(Records from a dataset)
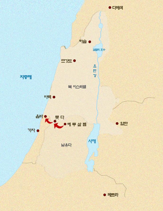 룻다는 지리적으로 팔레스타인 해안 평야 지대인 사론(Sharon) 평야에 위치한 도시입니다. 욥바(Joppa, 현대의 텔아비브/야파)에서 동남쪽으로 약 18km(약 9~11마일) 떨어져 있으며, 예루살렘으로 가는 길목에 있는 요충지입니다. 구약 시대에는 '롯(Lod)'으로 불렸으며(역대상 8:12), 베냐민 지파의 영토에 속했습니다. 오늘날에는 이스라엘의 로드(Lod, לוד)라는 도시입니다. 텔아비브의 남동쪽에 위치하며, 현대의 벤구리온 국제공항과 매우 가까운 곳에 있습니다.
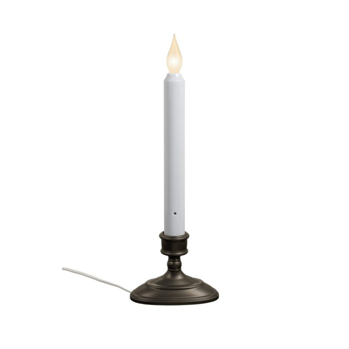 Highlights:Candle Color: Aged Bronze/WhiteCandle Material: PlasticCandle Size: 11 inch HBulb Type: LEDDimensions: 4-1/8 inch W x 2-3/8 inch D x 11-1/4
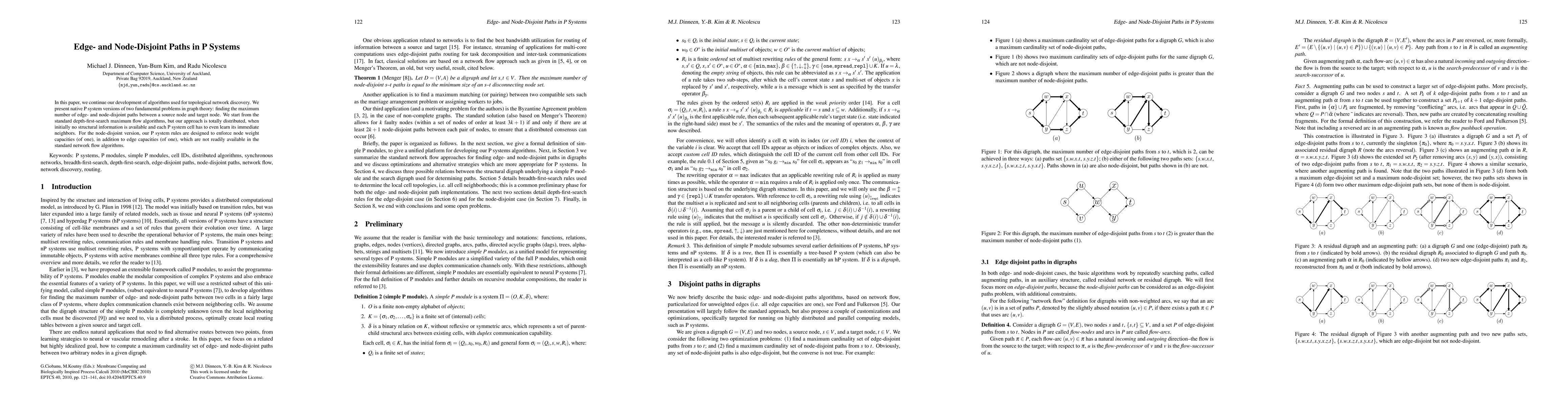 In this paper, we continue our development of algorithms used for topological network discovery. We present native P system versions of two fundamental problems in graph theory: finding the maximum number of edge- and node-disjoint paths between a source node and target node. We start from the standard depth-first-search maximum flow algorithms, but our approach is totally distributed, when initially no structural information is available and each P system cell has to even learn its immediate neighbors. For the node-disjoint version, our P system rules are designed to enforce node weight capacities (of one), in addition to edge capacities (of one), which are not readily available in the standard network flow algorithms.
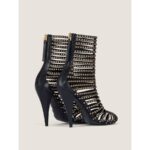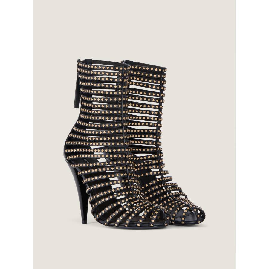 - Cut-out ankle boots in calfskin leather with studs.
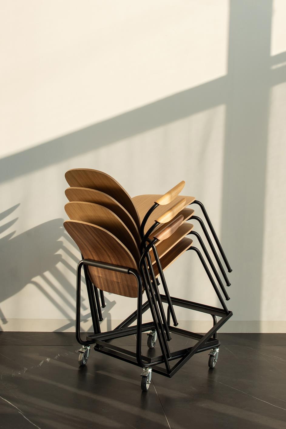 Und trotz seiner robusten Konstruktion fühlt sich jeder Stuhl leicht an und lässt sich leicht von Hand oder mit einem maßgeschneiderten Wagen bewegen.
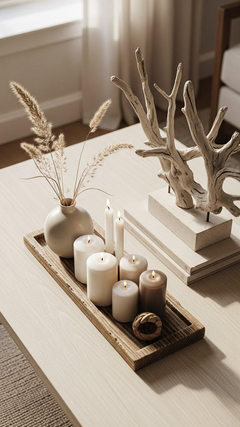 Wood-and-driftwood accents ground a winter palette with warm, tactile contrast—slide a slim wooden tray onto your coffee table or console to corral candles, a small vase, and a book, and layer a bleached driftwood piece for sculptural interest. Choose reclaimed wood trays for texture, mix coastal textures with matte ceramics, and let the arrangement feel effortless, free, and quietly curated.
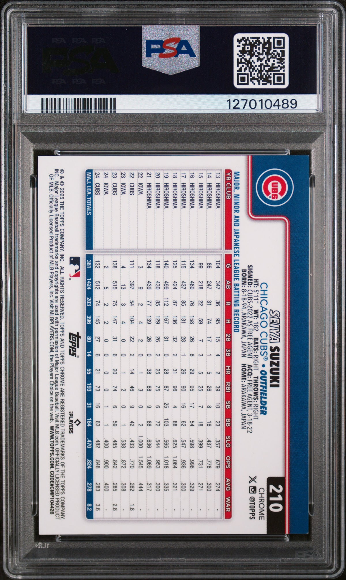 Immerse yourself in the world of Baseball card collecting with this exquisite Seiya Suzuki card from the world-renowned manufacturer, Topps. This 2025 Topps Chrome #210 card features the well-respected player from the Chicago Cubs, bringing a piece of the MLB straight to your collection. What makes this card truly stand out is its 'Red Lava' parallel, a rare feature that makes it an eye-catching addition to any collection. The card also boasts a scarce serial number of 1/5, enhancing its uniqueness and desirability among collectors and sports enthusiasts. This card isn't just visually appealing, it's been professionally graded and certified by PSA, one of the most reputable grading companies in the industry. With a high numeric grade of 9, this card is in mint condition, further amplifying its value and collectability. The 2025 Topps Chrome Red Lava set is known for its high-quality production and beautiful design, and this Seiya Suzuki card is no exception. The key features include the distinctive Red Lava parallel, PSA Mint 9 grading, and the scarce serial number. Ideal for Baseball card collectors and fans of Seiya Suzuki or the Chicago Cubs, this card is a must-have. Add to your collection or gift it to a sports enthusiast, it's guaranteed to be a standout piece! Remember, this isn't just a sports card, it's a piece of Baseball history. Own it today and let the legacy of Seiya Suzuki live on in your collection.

| Work request |
Skip every picture and transcribe the data above exactly.

| Expected answer |
 룻다는 지리적으로 팔레스타인 해안 평야 지대인 사론(Sharon) 평야에 위치한 도시입니다. 욥바(Joppa, 현대의 텔아비브/야파)에서 동남쪽으로 약 18km(약 9~11마일) 떨어져 있으며, 예루살렘으로 가는 길목에 있는 요충지입니다. 구약 시대에는 '롯(Lod)'으로 불렸으며(역대상 8:12), 베냐민 지파의 영토에 속했습니다. 오늘날에는 이스라엘의 로드(Lod, לוד)라는 도시입니다. 텔아비브의 남동쪽에 위치하며, 현대의 벤구리온 국제공항과 매우 가까운 곳에 있습니다.
 Highlights:Candle Color: Aged Bronze/WhiteCandle Material: PlasticCandle Size: 11 inch HBulb Type: LEDDimensions: 4-1/8 inch W x 2-3/8 inch D x 11-1/4
 In this paper, we continue our development of algorithms used for topological network discovery. We present native P system versions of two fundamental problems in graph theory: finding the maximum number of edge- and node-disjoint paths between a source node and target node. We start from the standard depth-first-search maximum flow algorithms, but our approach is totally distributed, when initially no structural information is available and each P system cell has to even learn its immediate neighbors. For the node-disjoint version, our P system rules are designed to enforce node weight capacities (of one), in addition to edge capacities (of one), which are not readily available in the standard network flow algorithms.
 - Cut-out ankle boots in calfskin leather with studs.
 Und trotz seiner robusten Konstruktion fühlt sich jeder Stuhl leicht an und lässt sich leicht von Hand oder mit einem maßgeschneiderten Wagen bewegen.
 Wood-and-driftwood accents ground a winter palette with warm, tactile contrast—slide a slim wooden tray onto your coffee table or console to corral candles, a small vase, and a book, and layer a bleached driftwood piece for sculptural interest. Choose reclaimed wood trays for texture, mix coastal textures with matte ceramics, and let the arrangement feel effortless, free, and quietly curated.
 Immerse yourself in the world of Baseball card collecting with this exquisite Seiya Suzuki card from the world-renowned manufacturer, Topps. This 2025 Topps Chrome #210 card features the well-respected player from the Chicago Cubs, bringing a piece of the MLB straight to your collection. What makes this card truly stand out is its 'Red Lava' parallel, a rare feature that makes it an eye-catching addition to any collection. The card also boasts a scarce serial number of 1/5, enhancing its uniqueness and desirability among collectors and sports enthusiasts. This card isn't just visually appealing, it's been professionally graded and certified by PSA, one of the most reputable grading companies in the industry. With a high numeric grade of 9, this card is in mint condition, further amplifying its value and collectability. The 2025 Topps Chrome Red Lava set is known for its high-quality production and beautiful design, and this Seiya Suzuki card is no exception. The key features include the distinctive Red Lava parallel, PSA Mint 9 grading, and the scarce serial number. Ideal for Baseball card collectors and fans of Seiya Suzuki or the Chicago Cubs, this card is a must-have. Add to your collection or gift it to a sports enthusiast, it's guaranteed to be a standout piece! Remember, this isn't just a sports card, it's a piece of Baseball history. Own it today and let the legacy of Seiya Suzuki live on in your collection.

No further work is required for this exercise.